Evidence for MIR450 cluster as a potential repressor of SOX2. (A): Schematic representation of the 3′UTR of human SOX2 and predicted binding site of miR‐450a and miR‐450b identified by TargetScan. (B): Sequence and complementation of the predicted binding site. (C): Illustration of the human MIR450 cluster (defined by miRBase) that includes six miRNAs genes. (D): Human embryonic stem cells were seeded on collagen IV‐coated dishes in the present of corneal fibroblast conditional media to induce corneal epithelial differentiation for the indicated time. Relative expression of the indicated miRNAs is shown and data represent the normalized expression as fold change in expression relative to undifferentiated cells. (E): Wholemount in situ hybridization for miR‐450b on mouse embryos of the indicated embryonic day. Increased magnifications are shown from left to right, and lens is annotated by white arrowheads. (F): Immunofluorescence staining of SOX2 on mouse head sections at E10.5 and E11.5. Nuclei were counterstained with DAPI. (G, H): In situ hybridization of miR‐450b on whole cornea (G) or sections of cornea (H) of 2‐month‐old mice. Scale bars are 250 μm (E, G) and 25 μm (F, H). Abbreviations: DAPI, 4′,6‐diamidino‐2‐phenylindole; lp, lens pit; lv, lens vesicle; oc, optic cup; pce, presumptive corneal epithelium; UTR, untranslated region.

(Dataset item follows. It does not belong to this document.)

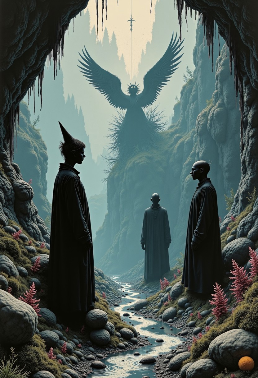 An enigmatic composition bathed in soft, diffused light, blending whispers of surrealism and melancholia. The scene unfolds in a cinematic atmosphere where subtle textures and delicate grains add depth, while the interplay of light and shadow enhances the quiet intensity of the moment. A subdued color palette merges with ethereal haze, evoking a dreamlike quality and timeless stillness. The central subject – "The Holographic Revue": A cabaret troupe performs against a backdrop of swirling nanobot clouds that shape-shift into fantastical settings—floating cities, alien landscapes, and shimmering waterfalls—each dissolving into particles as the performers move.– is delicately framed, their presence balanced between mystery and intimacy. Surrounding elements, rich in symbolic undertones, anchor the narrative in an otherworldly context. Organic details like softly swaying flora or faintly glowing surfaces contrast with stark, haunting figures, creating a juxtaposition that is both poignant and surreal. The composition invites introspection, with negative space amplifying the mood's resonance. Every detail, from the atmospheric depth to the muted highlights, serves to craft an image that feels suspended in an emotional, poetic realm. surreal style

Notably, miR‐450a and miR‐450b are well conserved in mammals, and their seed sequence differs by a single nucleotide at position 8, suggesting they may have both overlapping and separate sets of target genes (Supporting Information Table S1). We thus focused on miR‐450b that had four predicted binding sites on SOX2‐3′UTR. SOX2 is expressed in early eye development 21, 22, in the adult cornea (Fig. 1), and in neural cells 37. To explore the expression of miR‐450b in this context, we performed whole mount in situ hybridization of mouse embryos at different developmental stages. A low but significant signal for miR‐450b was documented in the developing lens of 10‐day‐old embryos (E10.5), and this signal dramatically peaked by E11.5 (Fig. 6E). Strikingly, this de novo expression coincided with a significant reduction in SOX2 protein shown by immunofluorescent staining of tissue sections (Fig. 6F). In the adult murine cornea, miR‐450b was low or not detected in the limbus but was specifically expressed in the cornea of 2‐month‐old mice (Fig. 6G). Closer inspection of the expression of miR‐450b signal on tissue sections has shown that miR‐450b was low in corneal basal layer (black arrow, Fig. 6H), whereas it was highly expressed by differentiated supra basal layers (white arrow, Fig. 6H). Thus, miR‐450b displays spatially inversed expression pattern with SOX2 in the adult cornea (compare Fig. 6H with SOX2 pattern in Fig. 1A). Similarly, a moderate inverse correlation between SOX2 and miR‐450b was found in the course of in vitro differentiation and maturation of embryonic stem cells into specific neurons (Supporting Information Fig. S3). These data suggest that miR‐450b may serve as a SOX2 repressor.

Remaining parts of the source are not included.